**EXERCISE OBJECTIVE:**
Set down the entries below exactly, leaving out all images.

══ TASK DATA ══

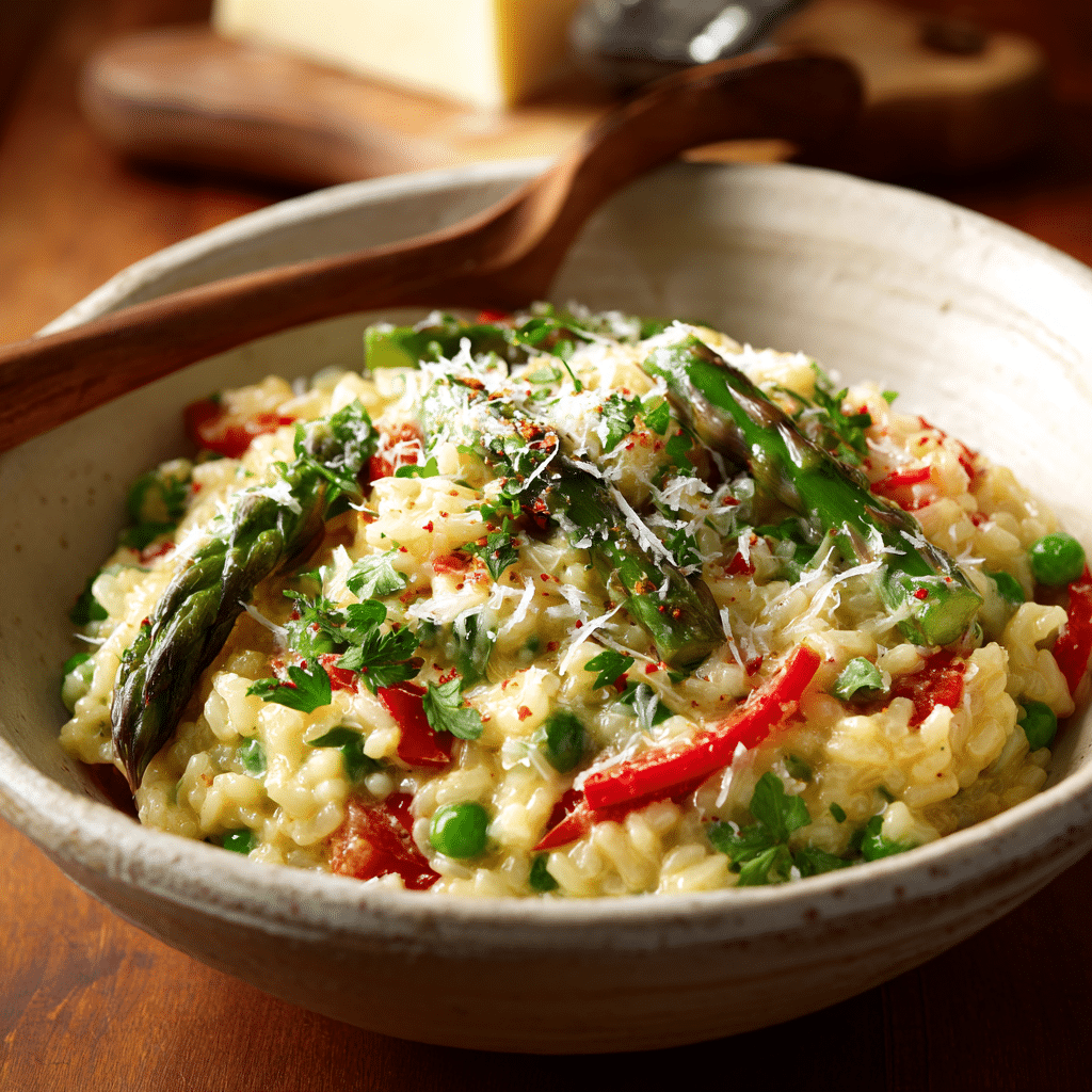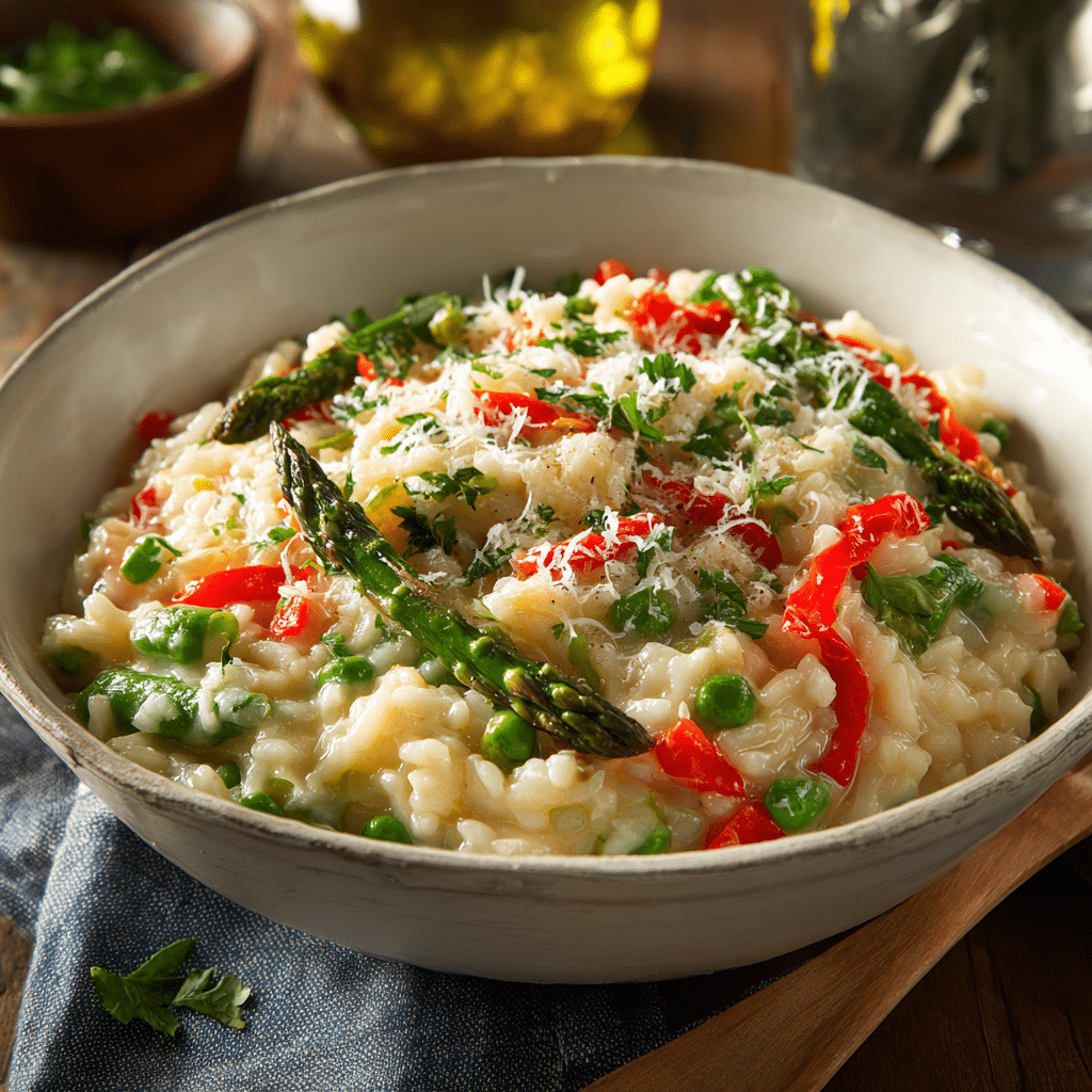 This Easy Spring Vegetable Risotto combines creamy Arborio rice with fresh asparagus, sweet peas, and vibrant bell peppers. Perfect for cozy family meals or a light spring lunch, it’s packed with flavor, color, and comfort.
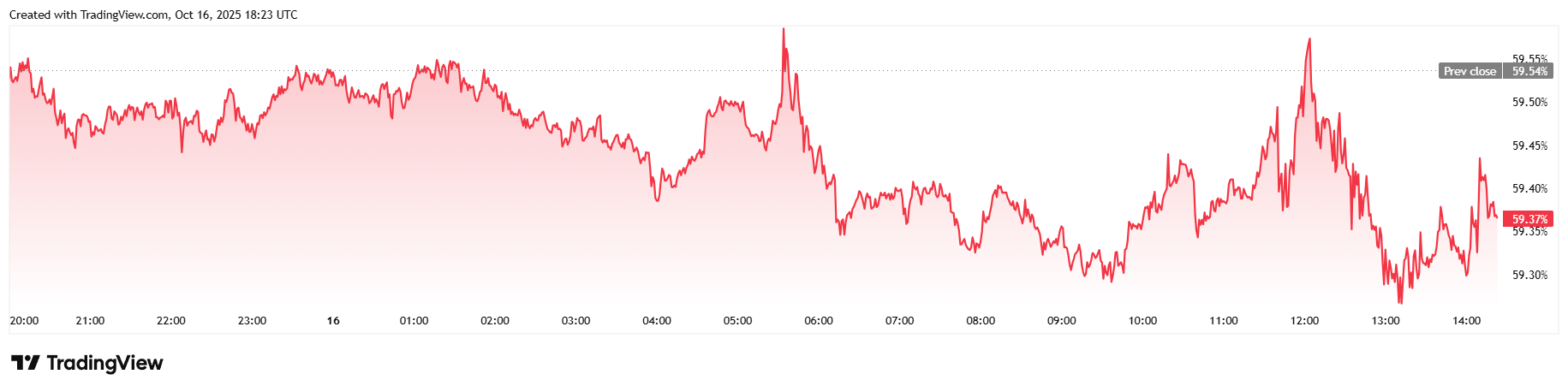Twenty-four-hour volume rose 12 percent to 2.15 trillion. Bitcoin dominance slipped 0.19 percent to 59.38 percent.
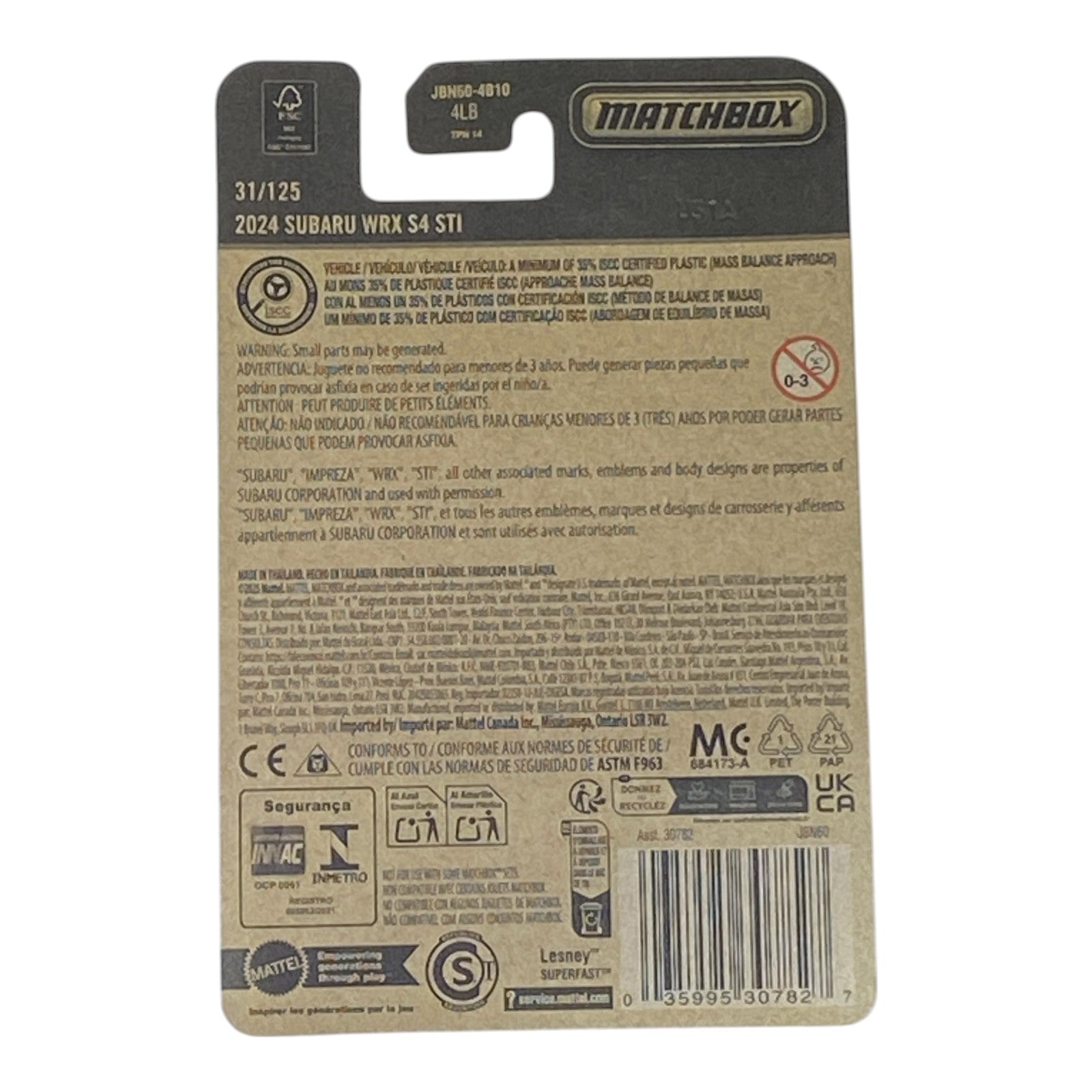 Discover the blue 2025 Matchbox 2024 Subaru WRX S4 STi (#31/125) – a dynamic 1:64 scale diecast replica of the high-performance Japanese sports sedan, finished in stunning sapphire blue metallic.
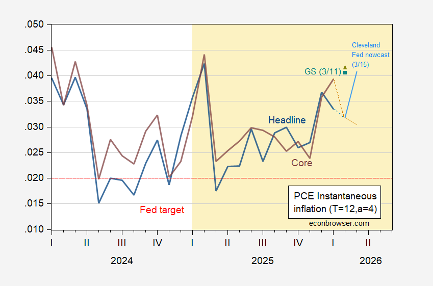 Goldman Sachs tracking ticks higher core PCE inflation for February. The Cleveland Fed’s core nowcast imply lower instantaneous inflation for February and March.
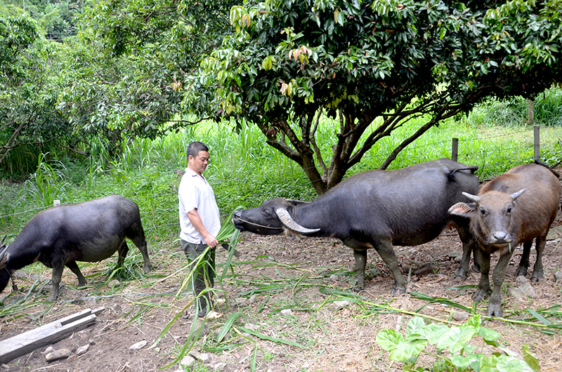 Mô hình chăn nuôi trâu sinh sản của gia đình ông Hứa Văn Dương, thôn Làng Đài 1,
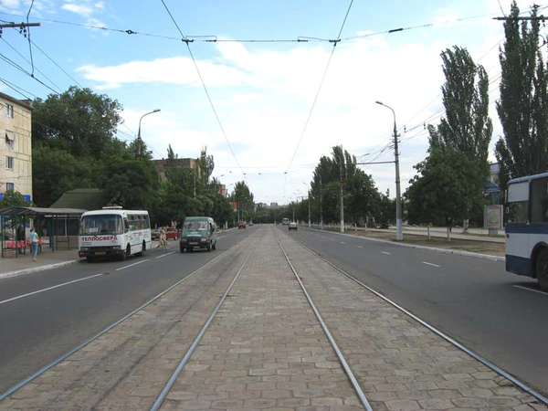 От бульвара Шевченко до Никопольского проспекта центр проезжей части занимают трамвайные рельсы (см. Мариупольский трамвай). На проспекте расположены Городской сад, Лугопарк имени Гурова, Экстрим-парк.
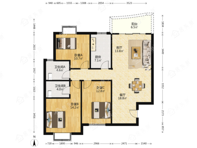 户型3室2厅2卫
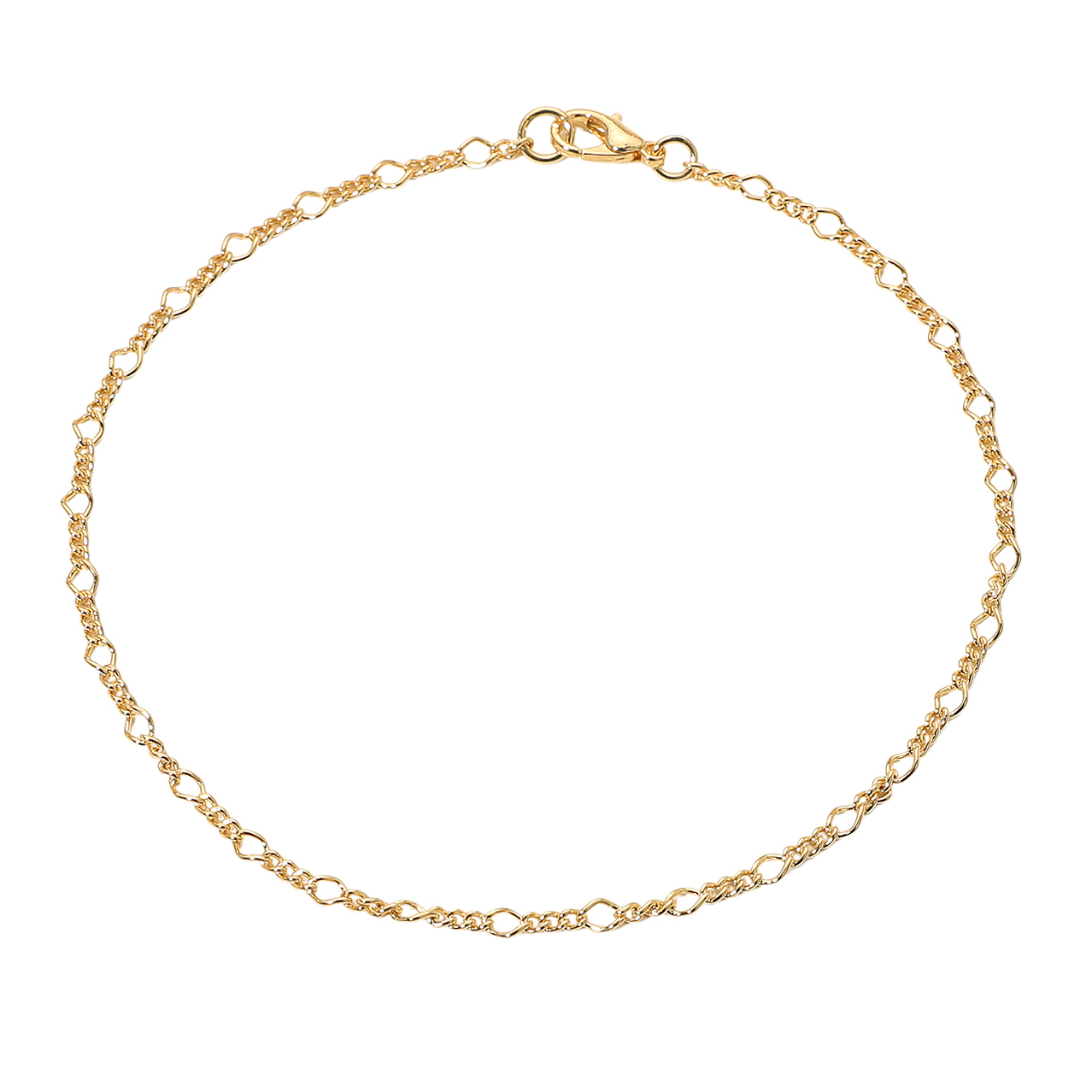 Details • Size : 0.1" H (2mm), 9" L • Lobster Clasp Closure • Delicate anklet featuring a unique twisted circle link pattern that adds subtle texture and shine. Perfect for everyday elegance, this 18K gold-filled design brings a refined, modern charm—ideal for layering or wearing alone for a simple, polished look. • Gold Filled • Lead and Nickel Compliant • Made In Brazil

═══

**TASK SOLUTION:**
 This Easy Spring Vegetable Risotto combines creamy Arborio rice with fresh asparagus, sweet peas, and vibrant bell peppers. Perfect for cozy family meals or a light spring lunch, it’s packed with flavor, color, and comfort.
Twenty-four-hour volume rose 12 percent to 2.15 trillion. Bitcoin dominance slipped 0.19 percent to 59.38 percent.
 Discover the blue 2025 Matchbox 2024 Subaru WRX S4 STi (#31/125) – a dynamic 1:64 scale diecast replica of the high-performance Japanese sports sedan, finished in stunning sapphire blue metallic.
 Goldman Sachs tracking ticks higher core PCE inflation for February. The Cleveland Fed’s core nowcast imply lower instantaneous inflation for February and March.
 Mô hình chăn nuôi trâu sinh sản của gia đình ông Hứa Văn Dương, thôn Làng Đài 1,
 От бульвара Шевченко до Никопольского проспекта центр проезжей части занимают трамвайные рельсы (см. Мариупольский трамвай). На проспекте расположены Городской сад, Лугопарк имени Гурова, Экстрим-парк.
 户型3室2厅2卫
 Details • Size : 0.1" H (2mm), 9" L • Lobster Clasp Closure • Delicate anklet featuring a unique twisted circle link pattern that adds subtle texture and shine. Perfect for everyday elegance, this 18K gold-filled design brings a refined, modern charm—ideal for layering or wearing alone for a simple, polished look. • Gold Filled • Lead and Nickel Compliant • Made In Brazil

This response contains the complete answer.